The pay-as-you-go model of the Cloud is one of the major advantages of using a public cloud like AWS. Especially in cases where you can leverage it extensively. These are usually cases where you would require a certain computing power only for some specific time versus the entire day or month.
We recently joined our colleagues from the HOB for a project where a central network management software system was needed to operate a fleet of several hundred network- and security devices distributed all over Germany.
Usually, you would buy such an appliance together with a license from the vendor and put it somewhere in a traditional IT rack. Not only would that have us running a device for 24 hours every day, but also mean buying a license on a yearly basis.
When we heard that one of the project requirements is a management software that is only needed for a few hours on a few days a month, we immediately figured that this would be a huge waste of space, cooling, power, and money. What if we could bring both worlds together and run a traditional network management system like this in the AWS cloud and use the pay-as-go model?
When we looked at the different options of running such an appliance in the cloud, we figured out that the vendor provides his software also via the AWS Marketplace. This made it not only super easy to deploy but also does allow us to purchase the license on a per-hour basis, resulting also in a huge potential for cost savings.
The only thing we need to ensure was that the instance used for running the software only gets started when needed and stopped when it’s no longer needed.
We all know that phrase “Just stop the instance after the work was done.” In general, this is a great plan. But as we also know we are all humans and from time to time we get distracted, interrupted, or simply forget things. So what else could be done to help our colleagues avoid spending money when it’s not absolutely necessary?
So far we have implemented two technical solutions.
The first one is based on the idea that if the instance is idle for a while, we can take that as an indication and assume it’s no longer in use. We define a metric to determine the utilization, create an AWS Cloudwatch alert and configure an email notification. A diagram of the setup is shown in the picture below:
The actual implementation of the alarm is done via the metric ‘NetworkOut’. This is monitored on average over the period of 5 minutes. As soon as 24 of 24 data points (e.g. 2 hours) fall below the previously defined idle value, the alarm is triggered.
So whenever the instance is left running but not used, the Cloudwatch alert gets triggered and sends a friendly email reminder via Amazon SNS to the team.
But what to do if the manual shutdown is forgotten and the additional email notification gets overlooked? We wanted another backup with a slightly more aggressive approach. One that would shut down the instance every night, no matter what.
This is a feature-full implementation created and maintained by AWS itself to control your AWS resources costs for EC2 and RDS instances. It’s well documented and can easily be deployed via CloudFormation. The AWS Instance Scheduler leverages tags and Lambda functions to automatically stop or restart instances across accounts and regions based on a schedule you can define. After the deployment you would find the following architecture inside your AWS account:
In general, we would recommend that solution for any bigger environment. It’s super easy from a user’s perspective and once set up, all you have to do is to tag your resources accordingly and everything else is handled fully automatically.
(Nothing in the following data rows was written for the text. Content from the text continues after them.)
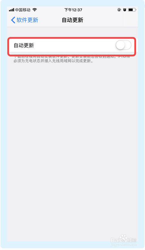 4.在【软件更新】界面,点击【主动更新】,然后在主动更新界面,封闭主动更新选项,完当作以上步调,即可封闭苹果手机系统更新。
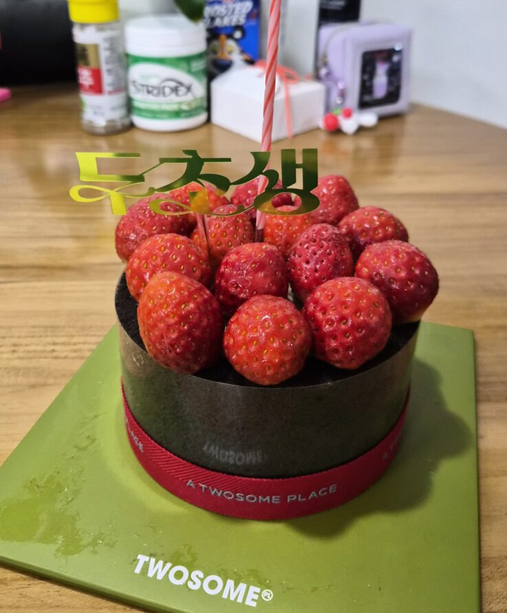케익 사이즈가 크지 않은편이라 위에 올라간 딸기들도 크기가 작은 편이었습니다. 그래도 딸기를 가득 올라있어서 집에 오는데 딸기들이 데굴데굴 굴러 떨어지더라구요. ㅎㅎ
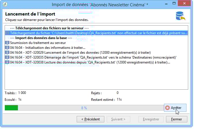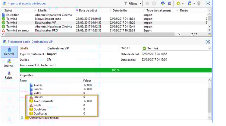 La plupart des opérations de transfert de données génèrent des erreurs qui peuvent être de différentes natures (format de ligne incohérent, e-mail invalide, etc.). Toutes les erreurs et tous les avertissements générés par le moteur d’import sont stockés et liés à l’instance d’import.
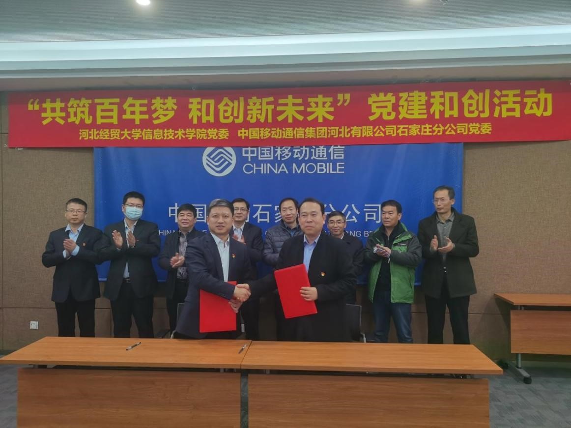 11月29日,MG冰球突破官网网站党委与中国移动通信集团河北有限公司石家庄分公司党委携手举办“党建和创”活动。MG冰球突破官网网站党委书记张振,副院长曾文献,中国移动通信集团河北有限公司石家庄分公司党委书记、总经理张军,党委委员、副总经理苑占伟出席,双方单位党支部书记与党员代表共计30余人参加。
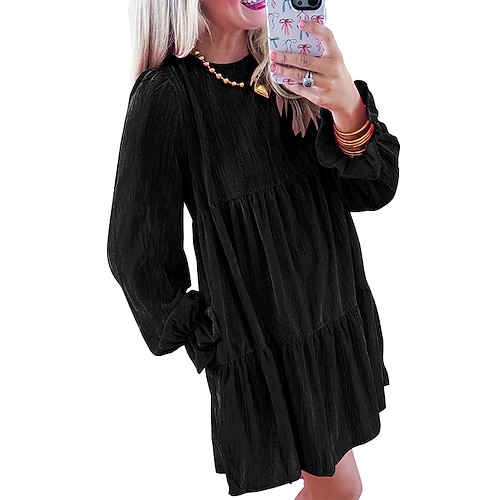 Per donna Mini Abito Abiti in tessuto di lino e policotone Abito in cotone e lino Moderno Quotidiano Vacanza Uscire Vestibilità regolare Semplice Manica Lunga Girocollo Nero Rosa Verde militare

But for our environment with only a single instance, this AWS Solution would be a bit too complex and also too expensive. As soon as you are out of your Lambda free tier it adds roughly $10 to your monthly AWS bill.
So we started looking for something simpler.
Amazon EventBridge is an often overlooked and underestimated service. The service and its API were first introduced in 2016 as part of CloudWatch under the name Cloudwatch Events. In July 2019 AWS released it as a standalone service that offers advanced features and is now used as the preferred way for managing events.
So what’s Amazon Eventbridge and how can it help us here? EventBridge is a fully serverless event bus well suited to build event-driven architectures that are loosely coupled and distributed. An event is a small blob of JSON which is sent by a variety of sources to either the EventBridge default bus or a custom bus you have created. When an event arrives at the bus, EventBridge evaluates the event against a set of rules that are associated with the bus. When a rule matches an incoming event it routes the event to one or more a defined target as a real-time stream. Almost all AWS Services can act as a source and have a built-in integration with EventBridge. For example EC2 Auto Scaling events, CodeBuild or CodeDeploy events, EC2 Spot interruption events, or ECS container instance state change events.
CodeBuild or CodeDeploy events, EC2 Spot interruption events, or ECS container instance state change events.
Rules match either on an event pattern or run based on scheduled events and get triggered at a certain time interval. Scheduled events can be defined based on a cron-style expression or a fixed rate of either every minute, hour, or day.
For our use case, we created a simple cron-style scheduled event that would run every evening at 17:00 UTC. This event is put into the default EventBus and the rule associated with it will send an EC2 StopInstances API call to the instance based on the instance-id.
When you use a public cloud like AWS with its pay-as-you-go model, spending some time thinking about what you need and implement measurements to avoid waste, can save you a lot of money. Running compute resources only when needed is one major aspect of it.
In this blog post, we discussed some easy-to-implement technical solutions which help to support the idea of taking control of your cloud expenses and ensure that your EC2 instance does not run much longer than necessary.
The result can be seen in this cost overview. Even while started regularly the instance is never running for more than a few hours.